Hardly anyone had taken the 6th or 7th shots (hence the total lack of deaths in those brackets):
6 shots: 1,748 living
7 shots: 49 living (can’t be that successful!)
The largest shot count groups are the 2 and 3 shot groups respectively.
2 shots: 2,275,352 (~2.2 million) living
At 62,485 deaths, you have a 1 in ~37 chance of dying at 2 shots.
To give you a rough idea of how likely this is, imagine rolling 2 six-sided die (6*6 = 36 probable outcomes) where getting one specific combination of numbers from the roll means you die.
3 shots: 3,466,688 (~3.4 million) living
At 61,976 deaths, you have a 1 in ~57 chance of dying at 3 shots
Note: the chances, being calculated separately, stack, so it is a 1 in 37 + 1 in 57 chance.

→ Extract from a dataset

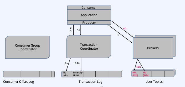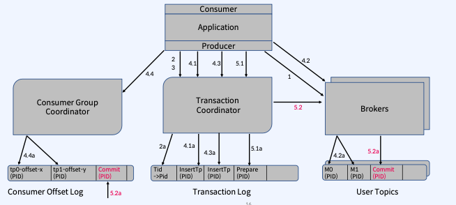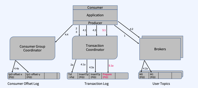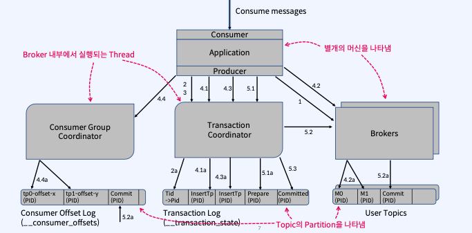 - Transaction Coordinator는 4.3a 단계에서 Transaction Log에 이 Topic Partition의 추가를 기록

It is clear people don’t trust the shots as far fewer people get their fourth or fifth shot:
4 shots: 620,787 living
At 4,439 deaths for 4 shots, you have a 1 in 140 chance of dying with 4 shots
Remember, probability still stacks
5 shots: 288,487 living
3 deaths; 1 in 96,163 chance of dying with 5 shots
Remember, probability still stacks
Single shot had 329,090 living
Of which 15,055 died, or a 1 in 22 chance of dying
The estimated probabilistic odds of dying at each stage (exclusive) are:
1 in ~22 (1 shot)
1 in ~37 (2 shots)
1 in ~57 (3 shots)
1 in ~140 (4 shots)
1 in ~96,163 (5 shots)
In total, the odds would be 1 in ~48 chance of dying at some point after taking any number of shots
Hardly anyone is crazy enough to take 6 or 7 shots (I wonder why?)
Deaths By Vaccine Brand And Type
The deaths breakdown by type and manufacturer are eye-opening. For this I am going to simply show a screenshot of the tally.
The largest number of deaths are from Pfizer, at a whopping 106,235 deaths:
Moderna had 19,724 deaths, and mRNA in total had 125,959 deaths, or ~87% of the total number of shot deaths. There were way more makes and models of shot in the tally of the living. The biggest risks, however, were with AstraZeneca.
Of mRNA:
1 in ~33 chance of dying if you take a Moderna shot
1 in ~57 chance of dying if you take a Pfizer shot
1 in ~53 chance of dying if you take any mRNA shot
Of Genetically Modified Adenovirus:
1 in ~5 chance of dying if you take AstraZeneca
1 in ~66 chance of dying if you take Johnson&Johnson/Janssen
1 in ~18 chance of dying if you take either genetically modified adenovirus shot
Of Saponins (note the transfection risks here):
1 in ~416 chance of dying if you take Novavax
Note this may be skewered by having an extremely small sample, that said, even if it wasn’t skewered, it shows just how badly the mRNA and genetically modified adenovirus shots are performing
Manually compiled breakdown as a screenshot:
1 in 416 chance of dying still are not good odds. It only looks good because the ratios for Pfizer, Moderna, AstraZeneca and J&J look so bad.
To put these figures in sharp contrast, your risk of dying during surgery from general anaesthesia is 1 in 100,000 (source).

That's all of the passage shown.